# Planted tank Blog



## Thomas McMillan (10 Sep 2008)

A few months ago I was sitting here and thinking, and noticed that there wasn't a popular blog online that is devoted to planted tanks. I know that there's the PFK blog but that doesn't have a sole focus on planted aquaria. 

So I decided to set one up. I've been into web design for a couple of years now so I've got the knowledge to get the website up and rinning, got the hosting and everything. I've only just started actually creating the site and it's coming along pretty well. 

Since then I've been planning it alot and which direction I would like it to go in. Obviously, the main focus will be planted tanks. I'd like to get a wide range of articles up on how to set up a planted tank, different techniques, the equipment you need - everything from the beginners to the advanced stages. Stuff to help newbies. There'll also be fun stuff like interviews and journals. 

My main aims are to attract more people to the planted tank community, to bring existing bobbyists from around the world together and like UKAPS promote the UK as an ambasador the the planted tank scene.

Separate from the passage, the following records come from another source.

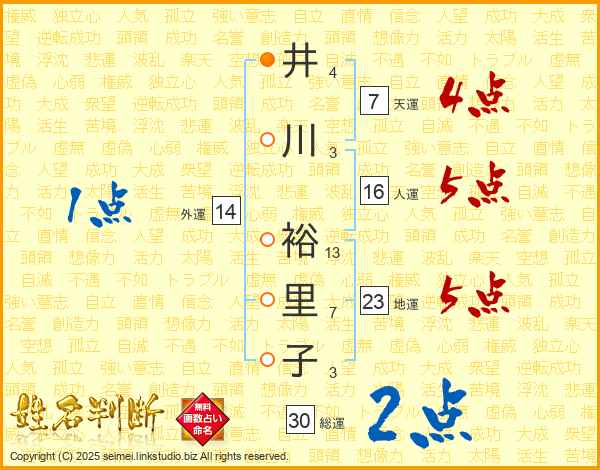 井(4画)川(3画) 裕(13画)里(7画)子(3画)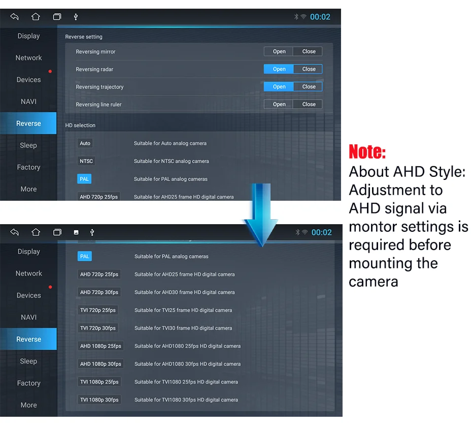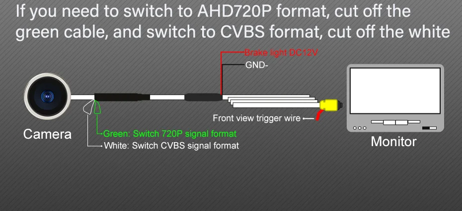В камере реализована возможность переключения между цифровым и аналоговым видеосигналом (с помощью петли на проводе камеры), что позволяет подключить к любому устройству с видеовходом RCA. Также камеры AHD менее чувствительны к помехам электропроводки автомобиля и в режиме AHD показывают более качественную и четкую картинку.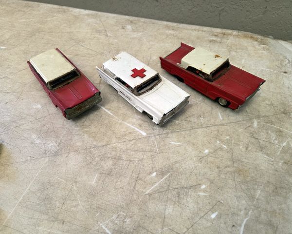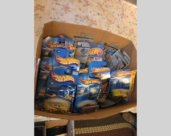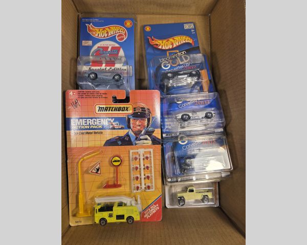 Lot contains a mix of conditions and eras. The orange Hot Wheels set with boat appears modern (1990s-2000s). The blue truck with trailer shows significant wear suggesting 1960s-70s vintage Matchbox/Lesney. Box lot contains various loose items of mixed value. Most valuable pieces would be any vintage Matchbox in decent condition. Modern Hot Wheels have minimal individual value ($1-3 each). Overall lot value depends heavily on specific models and conditions which are difficult to assess from photos. |

I would also like to get a lot of UKAPS members involved, people who maybe aren't as experienced or as old as some of the people who write for PFK, but people who know their stuff. I think there's a lot of people on this forum who can write good quality articles.

I'm just wondering what you think? Going through the forums I've seen the idea of a blog mentioned several times so hopefully you'll all agree that it's a good idea. Tell me what you think, what you expect from such a website. I'm open to ideas and of course I'm looking for willing contributors too. What other features would you like to see? What sorts of articles would you like to see? 

Maybe we could even sort out some kind of sponsorship with UKAPS nearer the time too.


----------



## LondonDragon (10 Sep 2008)

A blog is a site with a lot of posts, a forum is a site with lots of posts! Am I missing something?
There are already so many blogs out there, and people keep starting more and more, don't get me wrong, a blog to show off your tanks might be a good idea, but I would rather see all the information in one place, there is an article forum on this site and that should be the place to put articles in


----------



## aaronnorth (10 Sep 2008)

the planted blogs i know of are

aquatic eden - http://www.aquatic-eden.com/
Mr algae - http://mralgae.blogspot.com/2008/02/algae-guide.html

If you are interested though then set one up, maybe just try a free version and see how it goes then upgrade if necassary?


----------



## Thomas McMillan (10 Sep 2008)

LondonDragon said:
			
		

> A blog is a site with a lot of posts, a forum is a site with lots of posts! Am I missing something?
> There are already so many blogs out there, and people keep starting more and more, don't get me wrong, a blog to show off your tanks might be a good idea, but I would rather see all the information in one place, there is an article forum on this site and that should be the place to put articles in



I fully understand what you're saying but there's a difference between a blog and a forum. A forum is more of a discussion board where anyone can come an post on a given topic, and it's quite informal. A blog is more formal and tends to be more an article, or interview, or opinion etc., and then has the option for people to leave a comment on that entry. 

As far as the articles forum goes, the articles there are great quality and very informative but they are only written once in a while and there are only about ten or something. On a blog, there is more of a structure where the site is updated with a new article say, twice a week or something and there will be more of a series. I know what you mean about keeping all of the information in one place but this forum/site doesn't have all of the information in the first place. Don't get me wrong, the information it has is the best you can get but there isn't a site on the internet with that much information on planted tanks. If there is, it must be well hidden because I've looked many times.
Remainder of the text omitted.